Petrol üretimi, nakliyesi ve tüketimine ilişkin ilk gelişmelerin 1800’lü yılların ilk yarısında yaşanmasına karşın, 1900’lü yılların başlangıcında aydınlanma ve ulaşım başta olmak üzere birçok alanda petrol tüketimi yaygınlaşma göstermiştir. (Karadağ, 2004: 14)

Savunma sanayinde yaşanan gelişmeler sonucunda, motorize unsurlar ve uçakların yaygınlaşmasıyla birlikte, petrol askeri alanda da vazgeçilmez bir ürün haline gelmiştir.(Esen, 2002: 3) Örneğin Birinci Dünya Savaşı sonunda sadece İngiliz Ordusu’nda 56.000 tank, 23.000 motorlu araç, 34.000 motosiklet ve bisiklet, 55.000 uçak bulunmaktaydı. (Yergin, 2003: 167)

2. MUSUL BÖLGESİNDEKİ PETROL KAYNAKLARI

Sultan II. Abdülhamit tarafından, Musul’daki petrol varlığı konusunda araştırma yapması için görevlendirilen Ermeni Kaluste Gülbenkyan, hazırladığı raporunu Sultan II. Abdülhamit'e sunmuştur. Söz konusu rapor ve daha sonrasında elde edilen bilgiler ışığında, bölgede petrol bulunduğuna dair güçlü emareler elde edilmiştir. İngiltere ve Almanya başta olmak üzere Ortadoğu’da petrol kaynaklı etkinlik mücadelesi veren devletlere karşı tedbir alma arayışına giren II. Abdülhamit, 1888, 1898 ve 1902 yıllarında çıkarttığı üç ayrı fermanla petrol alanlarının hepsini kendi adına kaydettirmiştir. (Bardakçı, 2003: 5)

Çıkarttığı fermanlarla Musul ve Bağdat topraklarını Memalik-i Şahane ilan eden II. Abdülhamit, İngiltere’nin İran’a yerleşmesiyle bölgedeki güç dengesini koruyabilmek için Almanya ile yakınlaşmayı uygun görmüştür. Bu kapsamda; Alman Deustche Bank’a, 1904 yılında, Bağdat Demiryolu ve demiryolunun her iki tarafında 20 kilometrelik şeritlerde maden işletme hakkı verilmiştir. (Karadağ, 2004: 77)

Ancak Deutsche Bank’ın bu hakkı, taahhütlerini zamanında yerine getirememesi nedeniyle, II. Abdülhamit tarafından feshedilmiştir.(Yavuz, 1994: 28) II. Abdülhamit’in kendi adına kaydettirdiği araziler, 1908 yılında yönetimi ele geçiren koyan İttihat ve Terakki tarafından Maliye Bakanlığı’na devredilmiştir. (Bardakçı, 2003: 6)

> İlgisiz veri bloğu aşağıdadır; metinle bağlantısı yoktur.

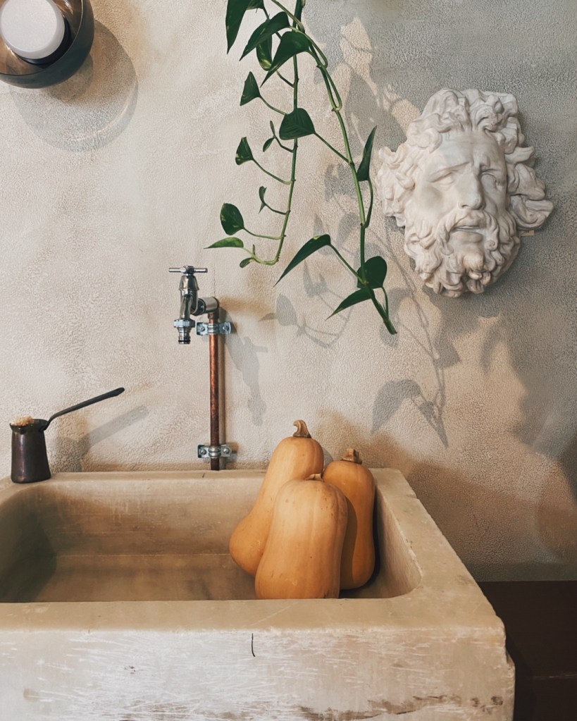 Η διακόσμηση, συνδυάζοντας το inox, το ξύλο και τους shabby τοίχους με φθορές και μισογκρεμισμένους σοβάδες, με τις μονστέρες, τις επιτοίχιες γύψινες αρχαιοελληνικές προτομές, τις πορσελάνες με μπαρόκ σχέδια και ένα γιαγιαδίστικο μαρμάρινο νεροχύτη, είναι ένα ωραίο μεταμοντέρνο παιχνίδι αντιθέσεων που το ερωτεύθηκα.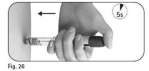 5.3 Hold doseinnstillingsknappen inne i minst 5 sekunder før du trekker kanylen ut av huden (figur 26).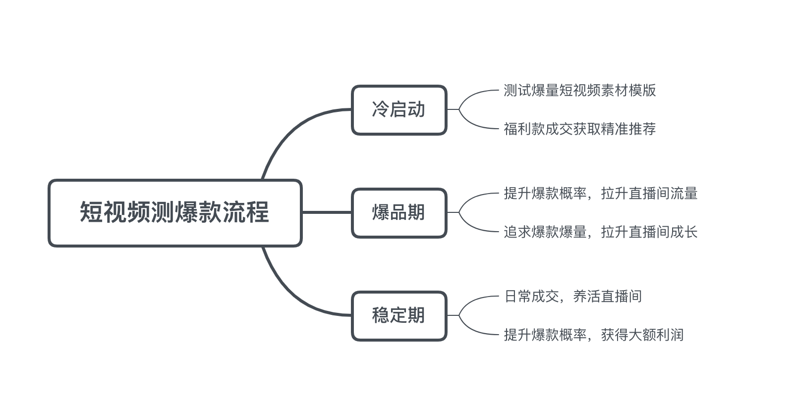 冷啟動期,品牌主測試出爆量短視頻素材模版后,就可以借此提高帳號整體短視頻內(nèi)容的爆量。接下來,通過推動福利款的成交獲得直播間精準流量,拉動自然推薦。

Osmanlı Devleti’nin petrol arama faaliyetlerinde masrafları finanse etme arayışları sonucunda, Musul bölgesindeki petrol çalışmalarını yürütmek maksadıyla, 1912 yılında, %50'si Türk Maliyesine, %25’i Alman Merkez Bankası ve %25’i Royal Dutch/Shell'e ait Türk Petrol Şirketi (Turkish Petroleum Company) kurulmuştur. (Eldem, 1994: 237) Söz konusu şirketin Osmanlı Devleti ile 1914 yılında

(3)

imzaladığı anlaşma ile Anglo-Persian Company, Deutsche Bank ve Shell grubuna ait bir ortaklık haline dönüşmüştür. (Gürel, 1979: 57)

Savaşın sonunda yenik düşen Almanya’nın, elindeki %25’lik hisseyi Fransızlara devretmesiyle, %25 Fransız, %75 İngiliz ortaklığına dönüşen bu şirket, önce Musul petrollerini, daha sonra da tüm Irak petrollerini eline geçirmiştir. (Öke, 2002: 13)

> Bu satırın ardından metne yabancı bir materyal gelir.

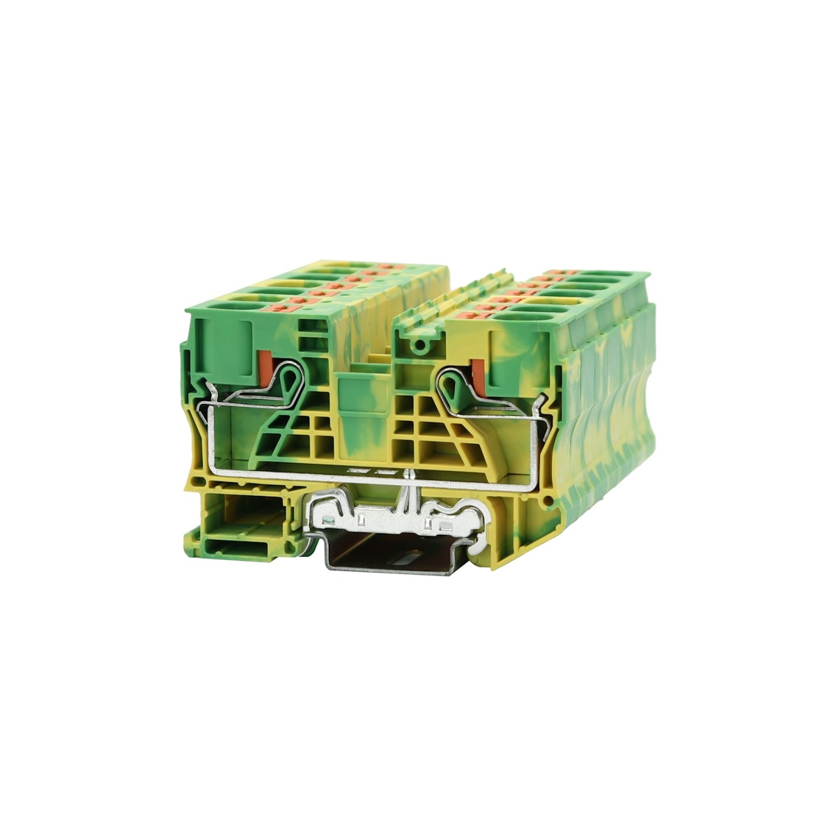 Клемма на дин-рейку, заземляющая, количество точек подсоединения: 2, 16 кв. мм, тип подключения: зажим Push-in, желто-зеленая.

Ortadoğu petrollerinden pay sahibi olma arayışında olan ABD’nin, uluslararası alanda İngiltere’yi sıkıştırmasını ve Musul’un aidiyeti konusunda hala endişe duyulan Türkiye ile yakınlaşmasını engellemek maksadıyla, İngilizler elindeki hisselerin %25’ini Amerikan şirketlerine satmıştır. (Eldem, 1994: 237)

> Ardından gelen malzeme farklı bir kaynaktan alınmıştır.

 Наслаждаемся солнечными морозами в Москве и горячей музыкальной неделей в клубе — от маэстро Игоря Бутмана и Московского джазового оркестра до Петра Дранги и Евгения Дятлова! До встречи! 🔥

Söz konusu şirketin ortaklarınca, 1929 yılında alınan bir kararla, şirketin ismi Irak Petrol Şirketi (Iraq Petroleum Company) olarak değiştirilmiştir. (Uluğbay, 2003: 463)

3. İNGİLTERE VE FRANSA’NIN MUSUL PAZARLIĞI

Birinci Dünya Savaşı’nın devam ettiği sırada, İngiltere, Fransa ve Rusya, savaş sonrası için Osmanlı topraklarını paylaşma planı yapıyordu. Bu maksatla 09-16 Mayıs 1916 tarihleri arasında bir araya gelen İngiltere Dışişleri Bakanı Sir Mark Sykes, Fransa Dışişleri Bakanı Georges Picot ve Rusya Dışişleri Bakanı Sergey Dmitriyeviç Sazonov arasında gizli bir anlaşma yapılmıştır. (Kürkçüoğlu, 1982, 132)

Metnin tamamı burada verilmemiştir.